Researchers used Claude Code (Opus 4.6) to mechanize a 7,800-line Rocq correctness proof for CertiCoq’s ANF transformation. By adapting a human-written CPS proof template, the agentic LLM completed the task in 96 hours with human guidance but no manual proof writing. This demonstrates the potential for LLMs to significantly accelerate formal verification and semantic preservation proofs in compiler construction.

Event Tensor: A Unified Abstraction for Compiling Dynamic Megakernel

Event Tensor is a compiler abstraction for dynamic megakernels that addresses kernel launch overheads and synchronization bottlenecks in LLM inference. By encoding dependencies between tiled tasks, it enables support for shape and data-dependent dynamism where traditional fusion techniques fail. The Event Tensor Compiler (ETC) leverages this abstraction to generate persistent kernels that achieve state-of-the-art serving latency and reduced system warmup overhead.

ReSyn: A Generalized Recursive Regular Expression Synthesis Framework

ReSyn is a synthesizer-agnostic divide-and-conquer framework designed to handle the structural complexity of real-world regex synthesis in PBE systems. When combined with Set2Regex, a parameter-efficient synthesizer that exploits permutation invariance, the framework achieves SOTA results on complex benchmarks by decomposing synthesis tasks into manageable sub-problems.

Code

Agent Armor, a Rust runtime for enforcing policies on AI agent actions

Agent Armor is a zero-trust governance runtime written in Rust designed to secure AI agent tool calls through an 8-layer deterministic pipeline.
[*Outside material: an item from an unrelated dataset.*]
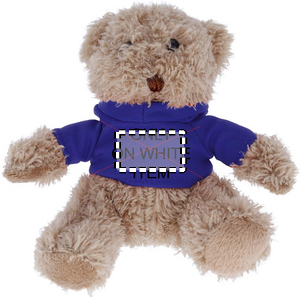 Nallekarhu hupparilla, sublimaatiopainatus vain valkoiseen tuotteeseen.

It intercepts agent actions—such as shell, database, and API access—to allow, block, or flag them for human review based on risk scoring and policy evaluation. The system includes MCP-aware inspection, PII and secret response scanning, and comprehensive audit logging with support for SQLite and PostgreSQL backends.

Easy code and work AI agent system: auto, asynchronous, concurrency, efficiently

Codg is an AI agent system designed for code and work automation, featuring asynchronous, concurrent, and high-performance operations. It supports multiple LLM providers via API or OAuth, alongside local models (e.g., GGUF via openai-compat/claude-compat). The system offers an interactive TUI across various OS and terminals, including web and desktop (BETA), with features like diff viewing. Codg is highly configurable via codg.toml for providers, agents, skills, local LLMs (llama.cpp), and permissions, and provides CLI commands for managing plugins, messaging integrations, and sandbox execution.

LLM wiki daemon with per-wiki filesystem isolation

Memex is an LLM runtime that replaces ephemeral RAG workflows with a persistent, compounding personal wiki synthesized from raw sources. It uses Claude to incrementally build and maintain a structured collection of interlinked markdown files, automating the bookkeeping of cross-references, entity updates, and knowledge synthesis. The system is CLI-first, avoids vector databases by leveraging standard file tools, and ensures security through Linux mount namespace isolation.

Open Soucrce AI-powered screen recording

Coherence Studio is an open-source screen recording and editing suite that automates post-production using AI. It integrates Whisper for auto-captions and features AI-driven smart trimming, auto-narration, and cursor-tracking zoom. The tool supports native capture via ScreenCaptureKit and WGC, offering one-click workflows for speed ramps, background customization, and professional exports.

How context engineering works, a runnable reference

Context engineering treats context as a version-controlled engineering artifact rather than manual prompts to ensure LLM outputs align with organization-specific standards. It extends the RAG pattern by adding output and enforcement layers, creating a five-component pipeline: corpus, retrieval, injection, output, and enforcement. This reference implementation on Amazon Bedrock demonstrates how to move beyond generic AI generations toward governed, reviewable artifacts based on local ADRs and codebases.

    AI companies buy Slack data from failed startups for training, Claude Code mechanizes complex compiler proofs, and Agent Armor secures AI agent actions via a Rust runtime.